Write a function that takes the binary representation of a positive integer and returns the number of set bits it has (also known as the Hamming weight).
LeetCode-191: Write a function that takes the binary representation of a positive integer and returns the number of set bits it has (also known as the Hamming weight).
Input: 11
Output: 3
Explanation: The input binary string '1011' has a total of three set bits.
Input: 128
Output: 1
Explanation: The input binary string '10000000' has a total of one set bit.
There are two primary approaches to solve this problem:
Bit Manipulation: We can use the bitwise AND operator to check if the least significant bit of the number is set or not. If it is set, we increment the count of set bits. We then right shift the number by one bit to check the next bit. We continue this process until the number becomes zero.
Brian Kernighan’s Algorithm: This algorithm is based on the observation that for any number n, n & (n-1) will unset the least significant bit that is set in n. We can use this property to count the number of set bits in a number. We discussed the same in another
counting-bits post as well.
Let’s implement the first approach using bit manipulation.
public int hammingWeight(int n) {
int count = 0;
while(n != 0){
// if the least significant bit is set
// increment the count
if((n & 1) != 0){
count++;
}
// right shift the number by one bit
n= n >> 1;
}
return count;
}
Let’s implement the second approach using Brian Kernighan’s Algorithm.

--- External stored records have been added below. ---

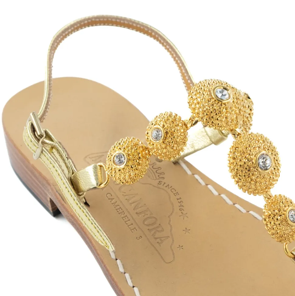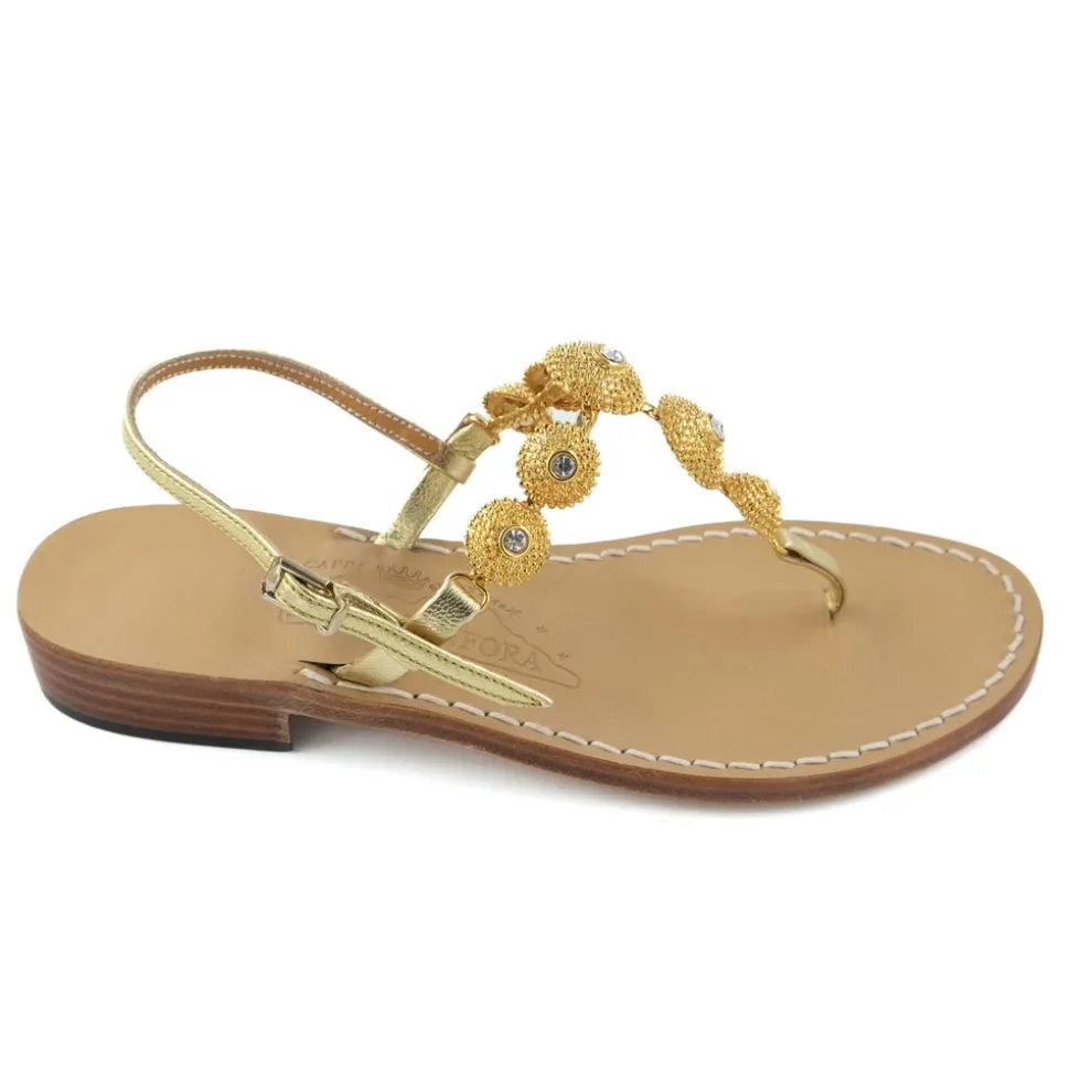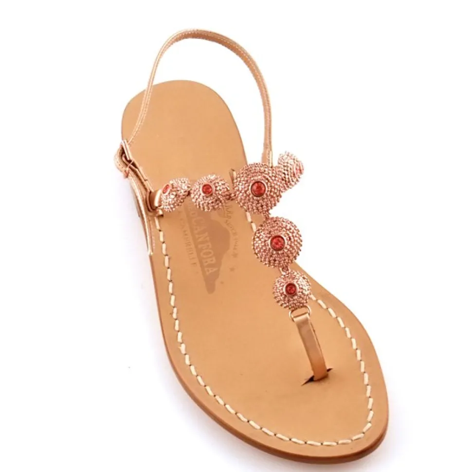 Inspired by the timeless elegance and iconic style of Jackie Kennedy, this artisanal brand channels the effortless glamour of Capri through its handmade sandals. Each pair is a celebration of heritage and refinement, blending old-world craftsmanship with enduring sophistication. Designed to be worn season after season, these pieces invite a life of beauty, grace, and ease. Striking a balance between simplicity and sparkle, the Adele Leather Thong Sandal blends classic minimalism with a refined touch of embellishment. With its elegant mix of color and rhinestones, this versatile style offers just the right amount of radiance.
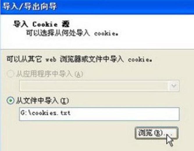 2、點擊“瀏覽”按鈕找到并選中事先導(dǎo)出的Cookie文件,并點擊“下一步”按鈕,選擇導(dǎo)入來源;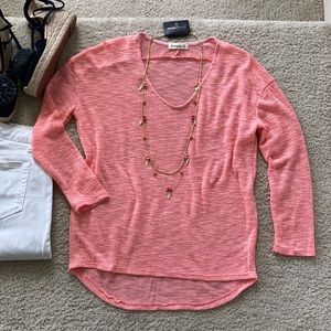Peach Color Long Sleeve Top. Gorgeous and lightweight. Easy to throw on and go. Drop shoulder. Long sleeves. Slightly sheer. Hi lo styling. 74 polyester 26 rayon. I am modeling size Small. Fit is true to size. New boutique item. Made in USA.
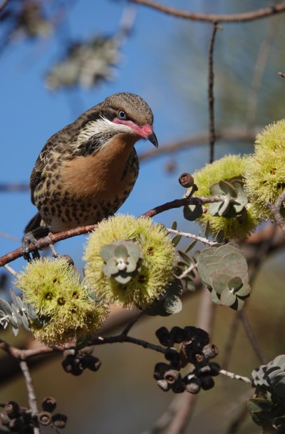 Honeyeaters are energetic little birds, and the Spiny-cheeked honeyeater certainly stands out with it's striking look and distinctive call.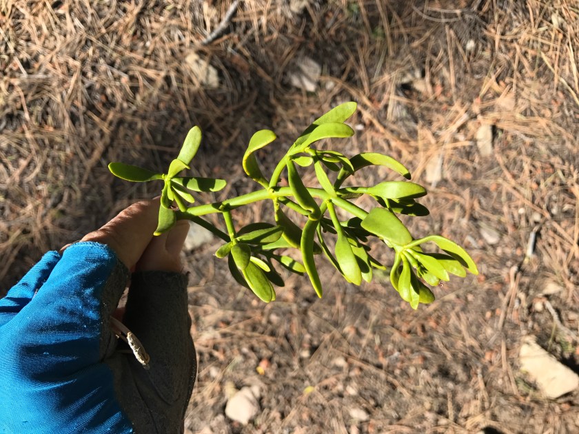 Speaking of mistletoe, I have seen four types of parasitic plants so far on my adventure — the common mistletoe, above, here’s a closer view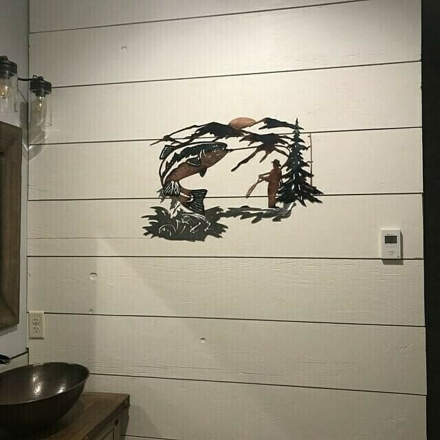 Another unique piece is a perfect depiction of trout fishing in a mountain scene.

public int hammingWeight(int n) {
int count = 0;
while(n > 0){
count++;
n = n & (n-1);
}
return count;
}
The first approach has a fixed time complexity of $O(32) \approx O(1)$ since we are iterating over all the bits of the number.
The second approach has a time complexity of $O(k)$, where $k$ is the number of set bits in the number $n$. In the worst case (all bits set to 1), $k$ can be $O(\log \ n)$, where $n$ is the input number.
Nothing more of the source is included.